Exercise data:
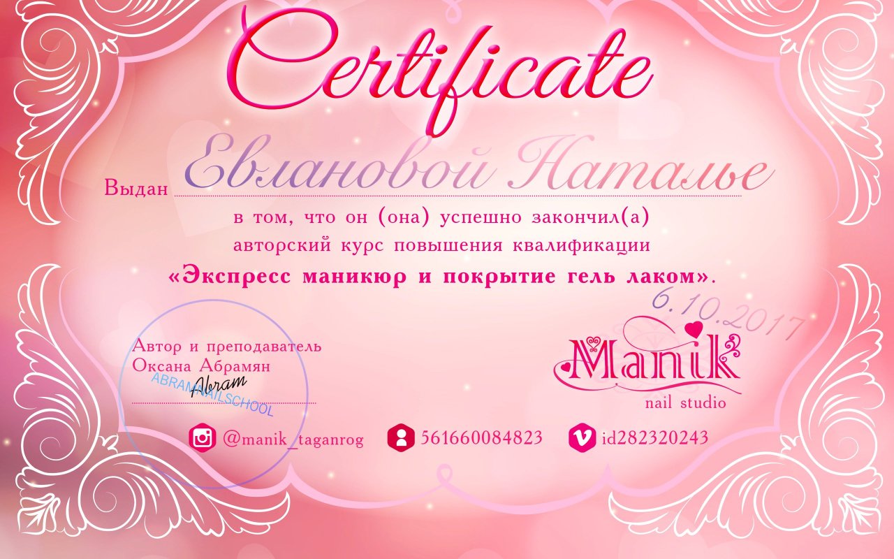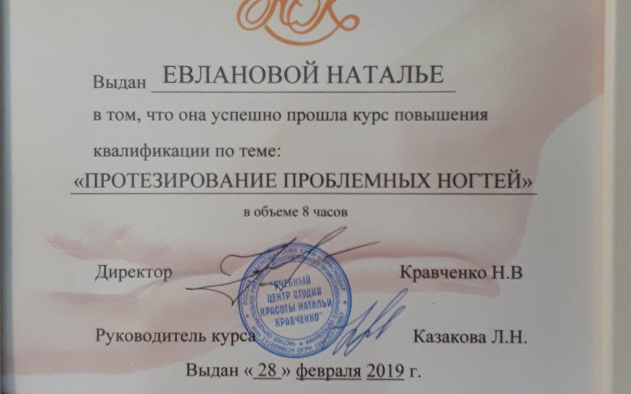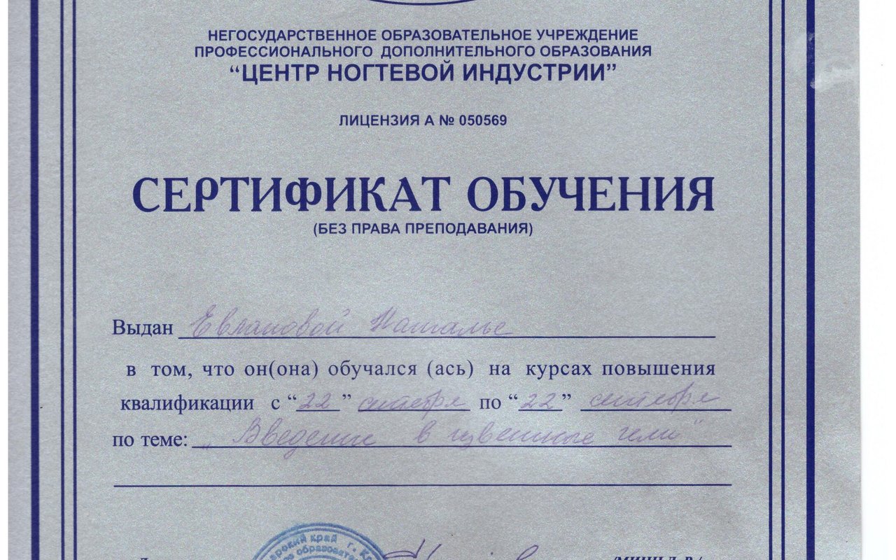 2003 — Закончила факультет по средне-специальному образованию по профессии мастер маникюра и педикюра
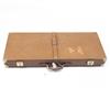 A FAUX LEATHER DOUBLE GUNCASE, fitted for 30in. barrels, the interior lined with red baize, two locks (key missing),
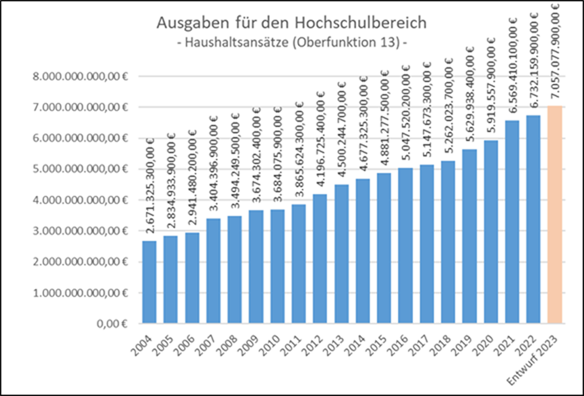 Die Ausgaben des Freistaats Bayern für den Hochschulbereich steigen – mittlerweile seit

Problem statement:
Return the listing above in full and without alteration, excluding its pictures.

Exercise result:
 2003 — Закончила факультет по средне-специальному образованию по профессии мастер маникюра и педикюра
 A FAUX LEATHER DOUBLE GUNCASE, fitted for 30in. barrels, the interior lined with red baize, two locks (key missing),
 Die Ausgaben des Freistaats Bayern für den Hochschulbereich steigen – mittlerweile seit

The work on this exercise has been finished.